On-line version ISSN 2221-4062
Print version ISSN 0375-1589

S. Afr. j. anim. sci. vol.39 n.5 Pretoria Jan. 2009


Non-genetic and genetic factors influencing growth performance in Murrah Buffalos



A.K. Thiruvenkadan#; S. Panneerselvam; R. Rajendran

Department of Animal Genetics and Breeding, Veterinary College and Research Institute, Namakkal-637 002, Tamil Nadu, India




Live weight data from 590 Murrah buffalo calves (140 male and 450 female calves) maintained at the Central Cattle Breeding Farm, Alamadhi, Tamil Nadu, India, born in the period between 1990 and 2004 were used for this study.
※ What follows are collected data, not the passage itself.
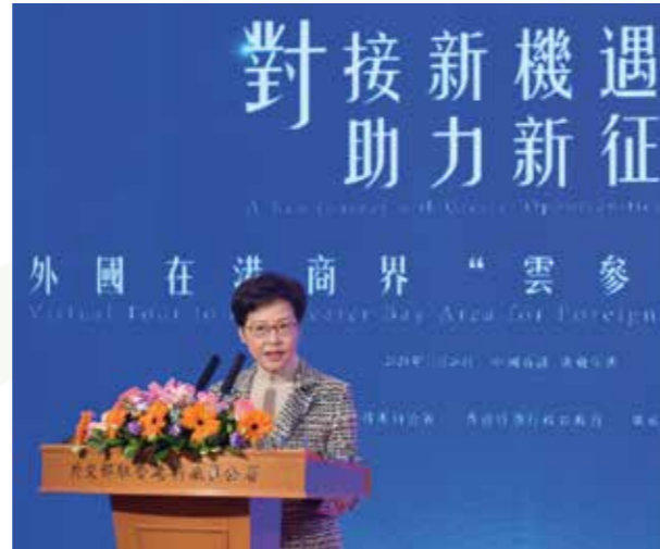
Above: Chief Executive, Mrs Carrie Lam, speaks at A New Journey with Greater Opportunities – Virtual Tour to the Greater Bay Area for Foreign Businesses in Hong Kong.

In a keynote speech, Chief Executive Mrs Carrie Lam said companies in Hong Kong, which have a head start, will stand to reap opportunities from the GBA. Mrs Lam said its expansion is more than a regional development project, it is a platform that would bring Hong Kong closer with Mainland cities, and enhance its international trade and cooperation.
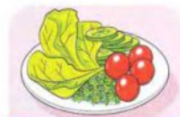
plate of salad
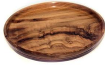
Joseph Barnard Stream of Gold 2020 Chinese Chestnut Tray filled with pearlescent gold epoxy 1" x 10.5" x 10.5" $147
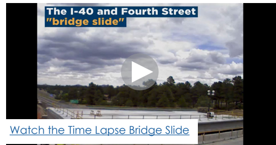
Watch the Time Lapse Bridge Slide
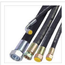
High Pressure Hydraulic Rubber
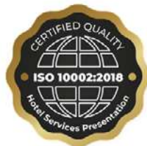
ISO 10002:2018 Customer Satisfaction Management System
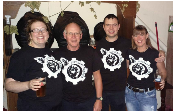
The Master and Social Secretary with friends at the Hopcraft brewery.
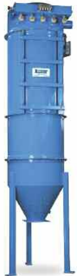
Bin Vents/Filter Receivers
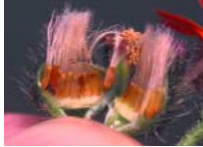
Unripe fruit inside the flower, showing the tuft of bristles on the end of the seed.
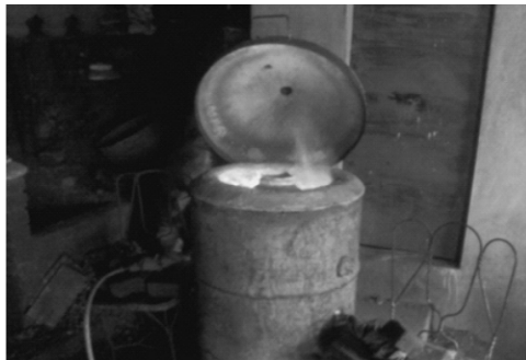
Fig. 3.4 : Photograph of the Developed Furnace indicating burner in action
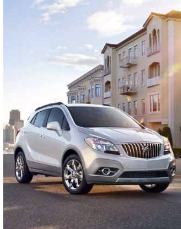
WHITE PEARL TRICOAT 1
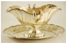
Lot # 412
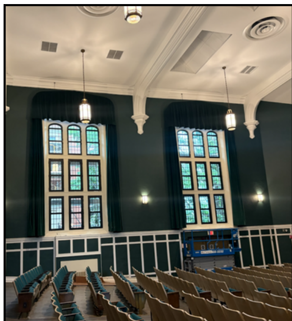
Fresh window installations brighten the East and West sides of the auditorium.
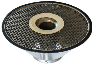
Cone for Interceptors - Included
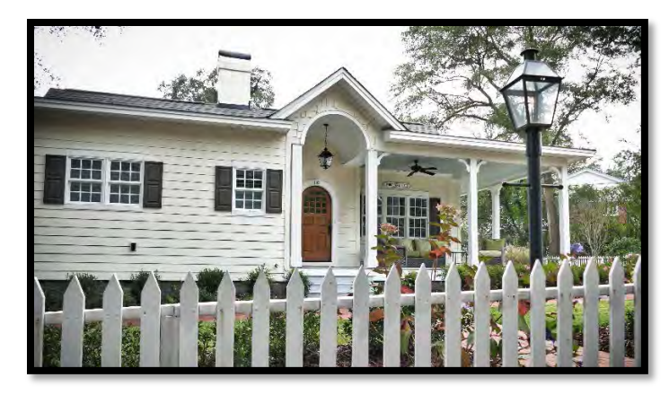
Village Historic District

The Historic Preservation Commission (HPC) recommends design standards and guidelines for the Local Historic District to the Village Council. The HPC reviews and acts upon requests for any work requiring a Certificate of Appropriateness for new construction, additions, building alterations and demolitions within the Local Historic District. The HPC also recommends to the Village Council areas to be designated as "Historic Districts" and individual structures, buildings, sites, areas, or objects to be designated as "Landmarks".
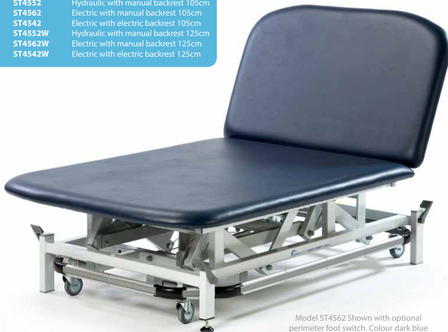
Model ST4562 Shown with optional perimeter foot switch. Colour dark blue
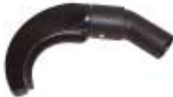
PDB-100 Plastic Pipe Dusting Brush for 3 inch pipe (Fits W-218RG and W-219 Wands)
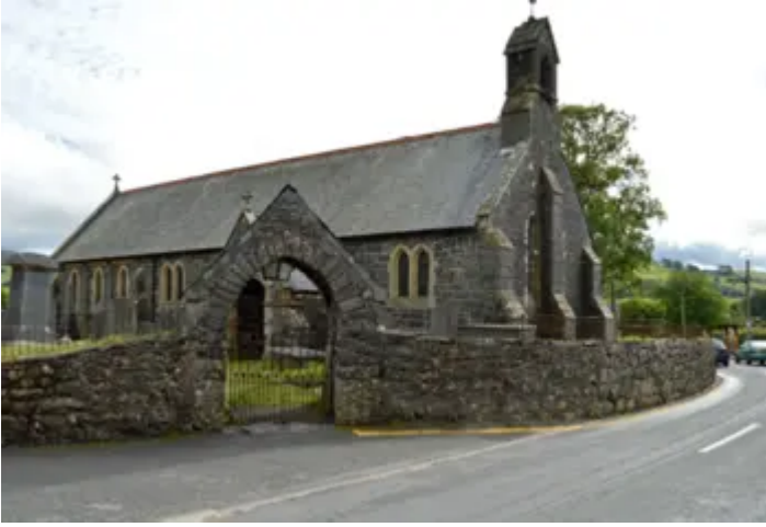
Eglwys Deiniol Sant, Llanuwchllyn
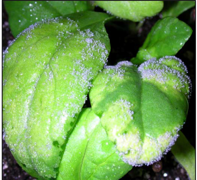
Figure 5. Sporulation of Peronospora effusa on a true leaf of an inoculated spinach seedling, representing a susceptible reaction to that race of the pathogen.
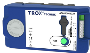
XB0 for TVE
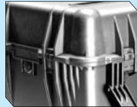
Graduated Deflector Ribs
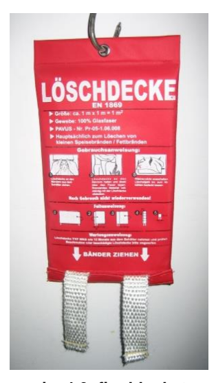
pic. 4.6: fire blanket
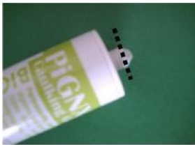
A. Cut Nozzle
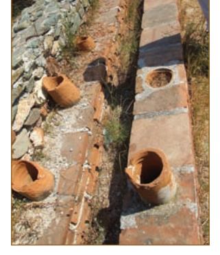
Hypocaust flues from Roman baths.

c. 1904, Liverpool Cathedral (England) heated with system based on the hypocaust principles.
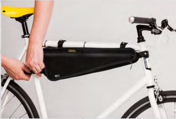
Easy to attach
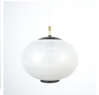
Stilnovo Satin Glass and Brass Pendant Lamp, Italy, 1950
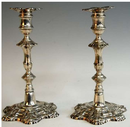
A pair of George II cast silver candlesticks £1,400
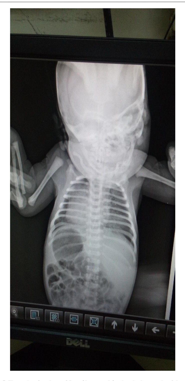
Fig. 3. X-ray showing the position of heart and fundus shadow on the right side

Also called a looping defect, it is an abnormal congenital positioning of heart on the right side (Tabry et al. , 2001). Situs tells the position of cardiac atria and the viscera. 'Solitus' is the 'normal' position and 'Inversus' is the 'reverse' position. SitusInversus Totalis is SitusInversus with Dextrocardia i.e. mirror image of normal anatomy. It is a rare condition with a prevelance of 1:10,000 in some population (Oppido et al. , 2004). It is generally an autosomal recessive genetic condition, although it can be X - Linked or found in identical twins (Radhika et al. , 2011). In human, the left – right axis is determined at the beginning of the embryonic development
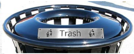
Optional "Trash" Plaque

Data were analysed using least-squares procedures. The adjusted birth weights of male and female calves were 33.0 ± 0.49 and 31.9 ± 0.27 kg, respectively, with an overall value of 32.4 ± 0.30 kg. The mean body weight at three, six, nine and 12 months of age pooled over periods, season and sex were 62.0 ± 0.65, 87.9 ± 0.95, 112.4 ± 1.23 and 134.16 ± 1.41 kg, respectively. Period of calving influenced the weight significantly at birth, three and six months of ages only. The effect of dam parity on body weight at different ages was highly significant. The calves born during the dam's second parity were generally heavier than those born in other parities. Generally, males had a higher body weight than females at all age groups. All the growth traits showed medium heritability (direct) estimates, which ranged between 0.12 ± 0.01 and 0.22 ± 0.16. The genetic correlations were all medium to high and positive. The genetic parameter estimates indicated that the six months weight can be used as a selection tool for genetic improvement of growth traits considering its high heritability and positive genetic correlations with succeeding growth traits.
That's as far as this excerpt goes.